● Records to process:
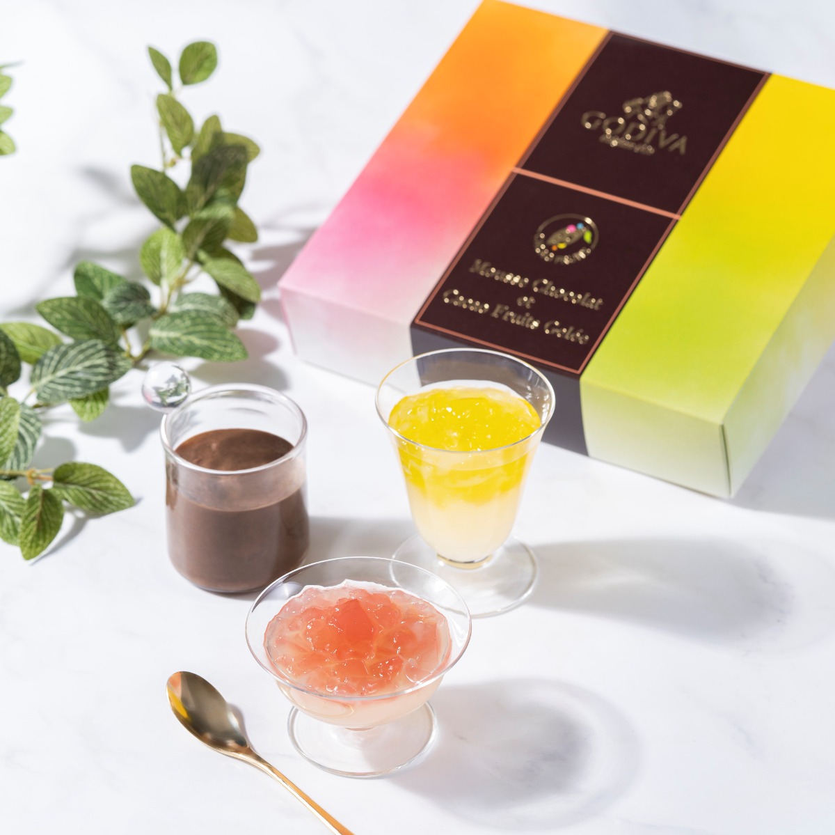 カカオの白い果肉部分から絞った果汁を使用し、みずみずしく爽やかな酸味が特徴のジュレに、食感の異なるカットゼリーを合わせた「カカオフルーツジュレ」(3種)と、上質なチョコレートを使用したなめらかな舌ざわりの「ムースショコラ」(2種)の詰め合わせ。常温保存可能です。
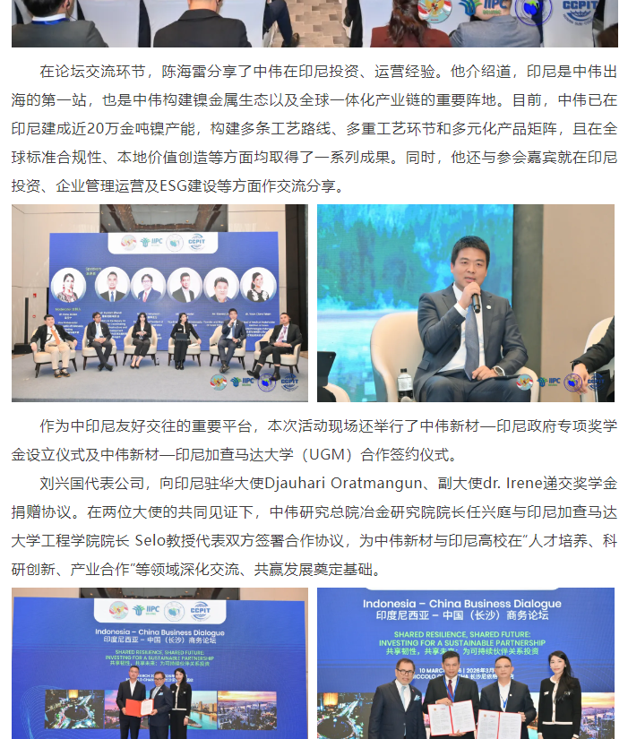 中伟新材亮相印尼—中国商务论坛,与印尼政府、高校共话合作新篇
* * *
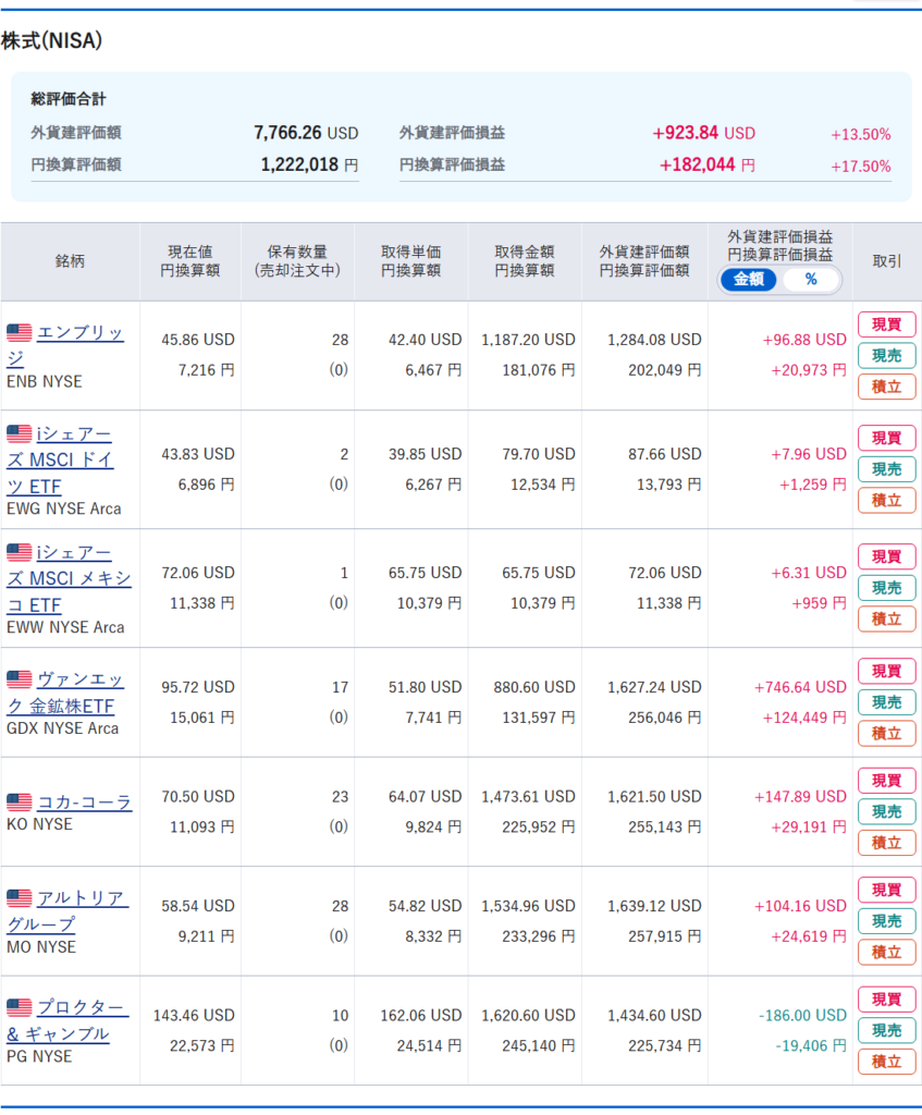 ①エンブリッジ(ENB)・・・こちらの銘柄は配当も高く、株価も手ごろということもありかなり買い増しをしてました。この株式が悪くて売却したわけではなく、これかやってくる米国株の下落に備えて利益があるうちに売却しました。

● Brief: Output exactly the stretch of the listing that begins at the line containing "カカオの白い果肉部分から絞っ" and ends at the line containing "中伟新材亮相印尼—中国商务论坛,与印尼政府、高校共话合作新篇", both kept. Omit pictures and everything else.

● Response below:
 カカオの白い果肉部分から絞った果汁を使用し、みずみずしく爽やかな酸味が特徴のジュレに、食感の異なるカットゼリーを合わせた「カカオフルーツジュレ」(3種)と、上質なチョコレートを使用したなめらかな舌ざわりの「ムースショコラ」(2種)の詰め合わせ。常温保存可能です。
 中伟新材亮相印尼—中国商务论坛,与印尼政府、高校共话合作新篇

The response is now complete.